→ DATA SHOWN:
---*---

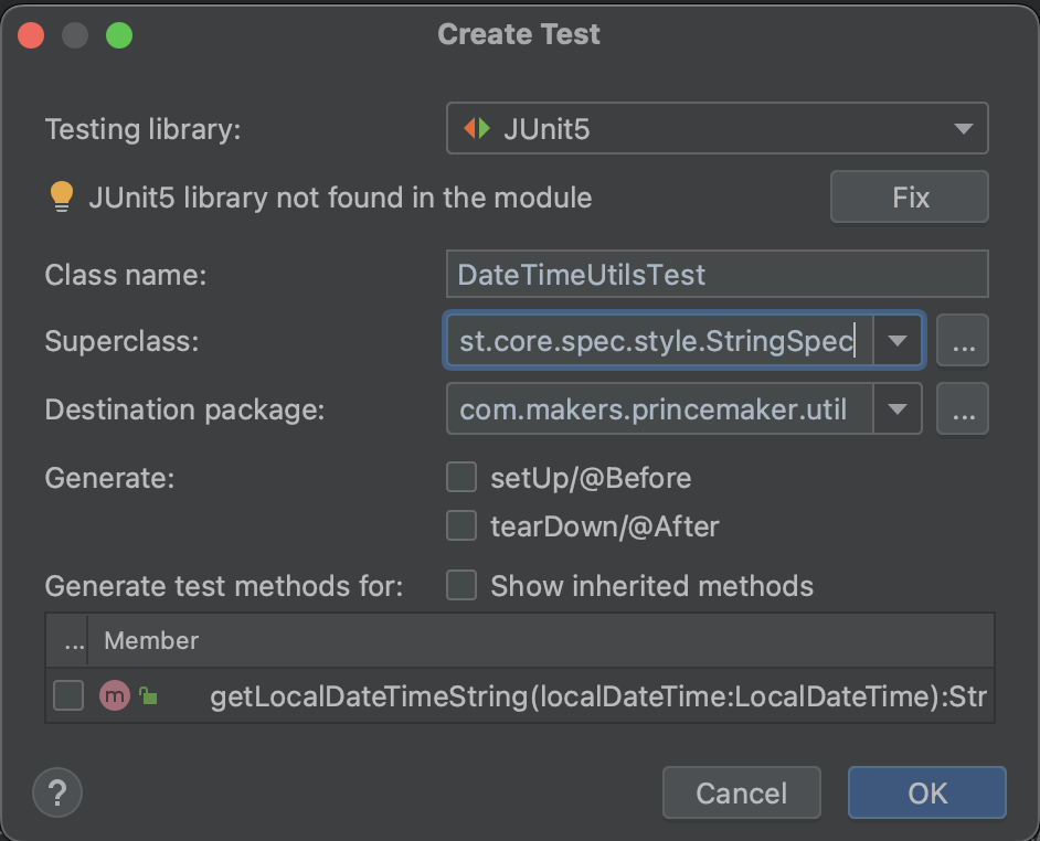 kotlin파일에서 cmd + shift + t 눌러서 테스트 코드 자동 생성 기능이 있습니다
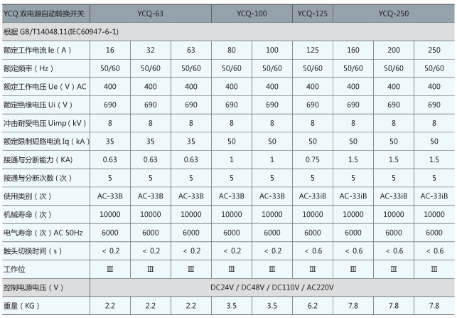 YCQ系列雙電源自動轉換開關適用于額定絕緣電壓690V、額定功率50HZ、額定工作電壓400V及以下、額定電流10A~3200A的配電系統中。主要用于供電系統在應急情況下的雙路電源轉換,最小轉換動作時間小于0.2S,以確保主要負荷(應急照明、應急樓梯、消防系統等)連續可靠工作。廣泛應用于高層樓宇、郵電通訊、工礦企業、船舶運輸、電力站、醫院、銀行等需要提供不間斷供電的重要場所。
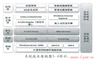 技術(shù)支撐層包括COM+/COM/DCOM,Windows Internet Explorer,ArcGIS-Maplex,嵌入式開發(fā)引擎等。

---*---

→ WHAT THE EXERCISE ASKS: Every line above should be transcribed exactly, though no image should be carried over.

→ TASK RESPONSE:
 kotlin파일에서 cmd + shift + t 눌러서 테스트 코드 자동 생성 기능이 있습니다
 YCQ系列雙電源自動轉換開關適用于額定絕緣電壓690V、額定功率50HZ、額定工作電壓400V及以下、額定電流10A~3200A的配電系統中。主要用于供電系統在應急情況下的雙路電源轉換,最小轉換動作時間小于0.2S,以確保主要負荷(應急照明、應急樓梯、消防系統等)連續可靠工作。廣泛應用于高層樓宇、郵電通訊、工礦企業、船舶運輸、電力站、醫院、銀行等需要提供不間斷供電的重要場所。
 技術(shù)支撐層包括COM+/COM/DCOM,Windows Internet Explorer,ArcGIS-Maplex,嵌入式開發(fā)引擎等。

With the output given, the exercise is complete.